I love it when other LDS social lepers contact me and thank me for being honest. I'd like to thank you for being honest about me being honest. It's like one big honest fest where wholesome bitches everywhere can come together and bask in the glory of the truth behind the truth (a.k.a. gospel doctrine).
And to all of you non-members* who have written words of encouragement, support, and the occasional, "I'm not Mormon, or single, but if I was....", you TO are the "salt of the earth"* in my book. I hope to met you all in person one day. Maybe we can sit down over some cupcakes and talk about the evils of coffee one day. OH WHAT A DAY THAT WOULD BE!
And to you, Mr./Miss Tattoo Hunter who gave the most energetic compliment yet I am sending you an ass-load of warm fuzzies*. I may double less than three you! Not a lot makes me laugh out loud but your comment certainly did! That's more "f**k yea"s than I've ever seen in a single paragraph. Talk about a metaphorical bouquet of flowers!
I love my readers!!!...well most of them...

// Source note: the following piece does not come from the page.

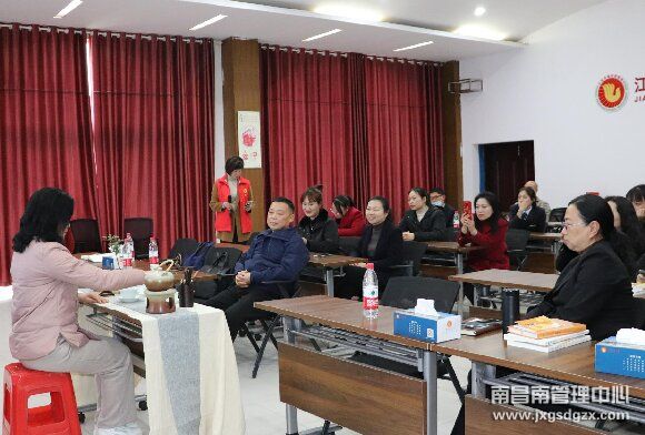 此次邀请到鹰潭市“道行德兴”志愿者协会前来授课。在茶艺老师的精湛展示下,拉开了此次培训的序幕,看着茶艺老师熟练优美的动作和专注的表情,深深的吸引着每个人,当大家亲自完成烫杯、拨茶、高冲、盖沫、奉茶等一系列动作时,体会到的不仅仅是欢乐的掌声,还有茶艺所带来的清纯、幽雅以及朴质的气质。

See, I also get a barrage of comments, mostly from disgruntled ex-Mormons, who think I should leave the LDS church. Now, you may think you're offering novel advice. I get it, you "found the light" and "personal enlightenment" and "broke free from the shackles of organized religion" and now want to spread the word to those of us blinded by strict moral codes and theological idealism. I'm glad you found the strength to do what you felt was right for you to do. But it's not the right thing for me to do. Don't think I haven't had the same novel idea a bajillion times, in fact, I had it today. But in the end, it's not what's right for me.
A couple of weeks ago while I was out for a run I thought a lot about some of your "get the hell out of there" comments. I thought about the best way to explain why it is that I stay in a religious culture that obviously drives me insane and keeps me on the brink of suicidality most days. The best analogy I could come up with is having a kid. I don't have kids and most of the time I cringe when I think about having one. I mean, first you have to deal with pregnancy and all of it's pleasantries, which include a mucous plug and a thrashed vagina. Then once you have the baby your nipples turn into sprinklers and you spend your days alternating between vomit and poop duty. Seriously, why in the hell would anyone want to have a kid? They're messy and smelly and selfish and needy and time consuming and expensive and the list goes on and on and on and on. BUT people keep telling me that it's totally worth it. That the first smile is worth the sleepless nights and permanant stretch marks. That their children bring them unspeakable joy and happiness. There are two sides to everything.
That is how my relationship is with the LDS church. Yep, there are a lot of upleasantries that I deal with on a daily basis and they are the topic of this blog. But there is another side of the story, a side I consciously choose not to share. So save your little fingers energy and don't tell me I'd be happier if I jumped ship and set sail on the Love Boat, because it's not something I'm willing to do.
In fact, I say let's make a deal: I won't try and convert you to the way I think, and you won't try and convert me to the way you think. See how easy that is? It's what I like to call "The Plan of Laziness", no one has to do anything but let the other be however they choose to be.
If you agree to disagree, go ahead and leave me a warm little "f**k yea" and I'll send one right on back to you as a sign of how much I less than three you.